Problem description
Apart from the pictures, the listing is to be returned exactly.

Information provided
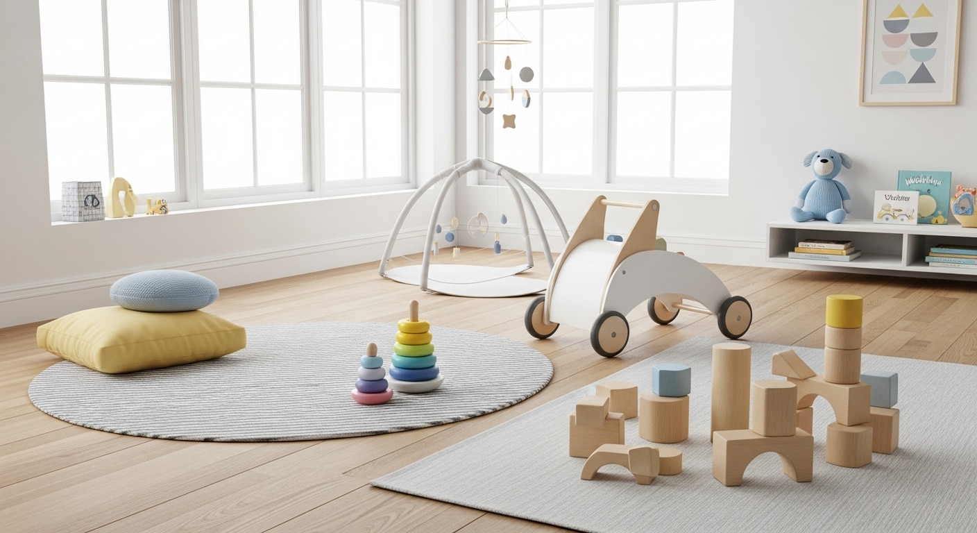 Guide til de beste lekene for babyer 6-12 måneder. Fra krabbing til første skritt - utviklingstilpassede leker fra norske butikker.
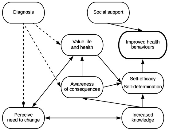 The apparent relationships between key factors influencing improved health behaviours in these participants is represented in Figure 1.
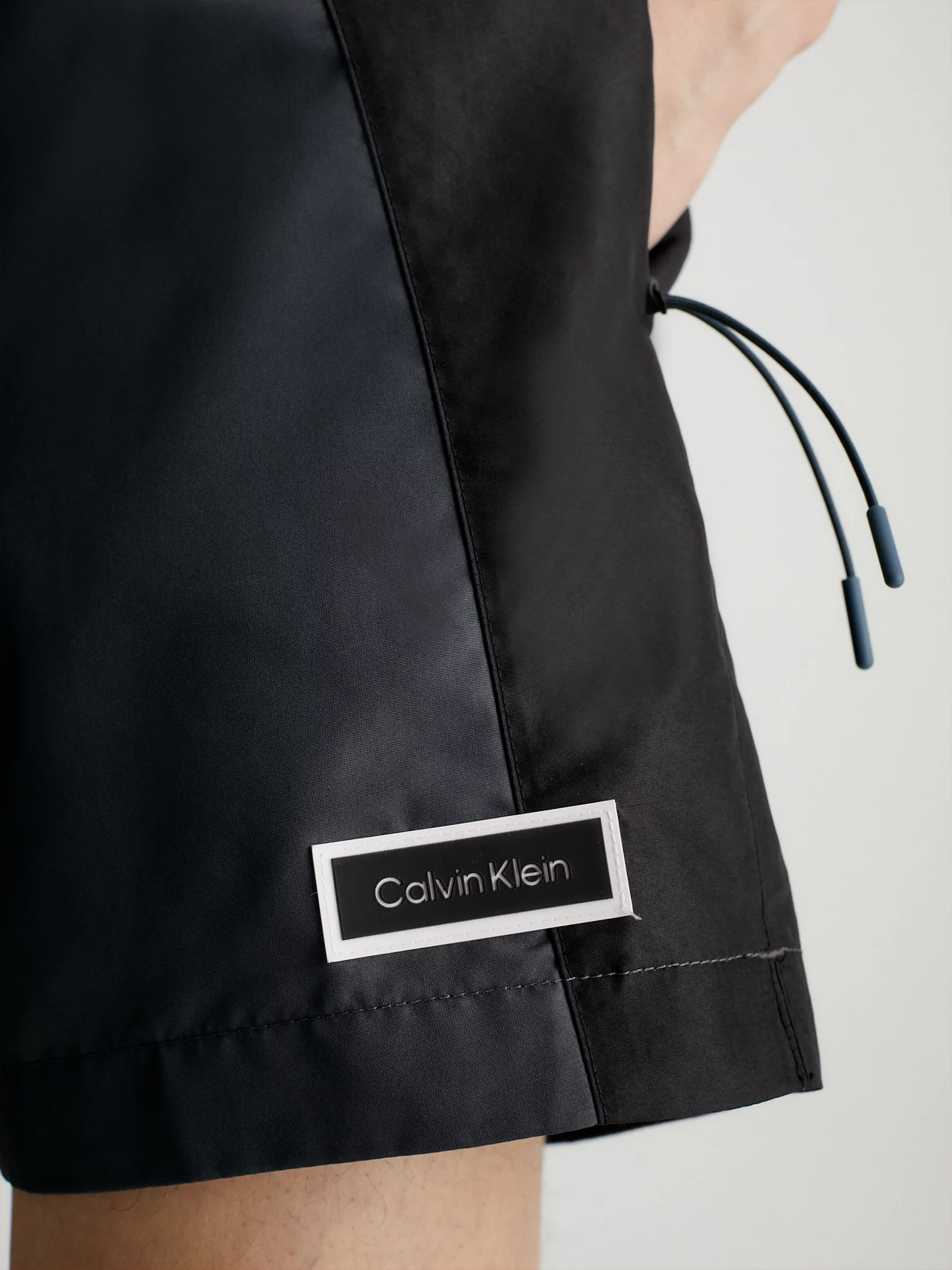 Stoere zwembroek van Calvin Klein met een opvallend ton sur ton effect op de zijkant van het short. Het zwemshort is gemaakt van 100% gerecycled polyester, wat snel droogt na een frisse duik. In de elastische tailleband bevindt zich een trekkoord om het zwemshort perfect op maat te brengen! Het zwemshort heeft handige steekzakken aan de linker en rechterzijde en een binnenbroek gemaakt van mesh materiaal voor een comfortabele fit. Het zwemshort heeft een moderne medium lengte.

Written response
 Guide til de beste lekene for babyer 6-12 måneder. Fra krabbing til første skritt - utviklingstilpassede leker fra norske butikker.
 The apparent relationships between key factors influencing improved health behaviours in these participants is represented in Figure 1.
 Stoere zwembroek van Calvin Klein met een opvallend ton sur ton effect op de zijkant van het short. Het zwemshort is gemaakt van 100% gerecycled polyester, wat snel droogt na een frisse duik. In de elastische tailleband bevindt zich een trekkoord om het zwemshort perfect op maat te brengen! Het zwemshort heeft handige steekzakken aan de linker en rechterzijde en een binnenbroek gemaakt van mesh materiaal voor een comfortabele fit. Het zwemshort heeft een moderne medium lengte.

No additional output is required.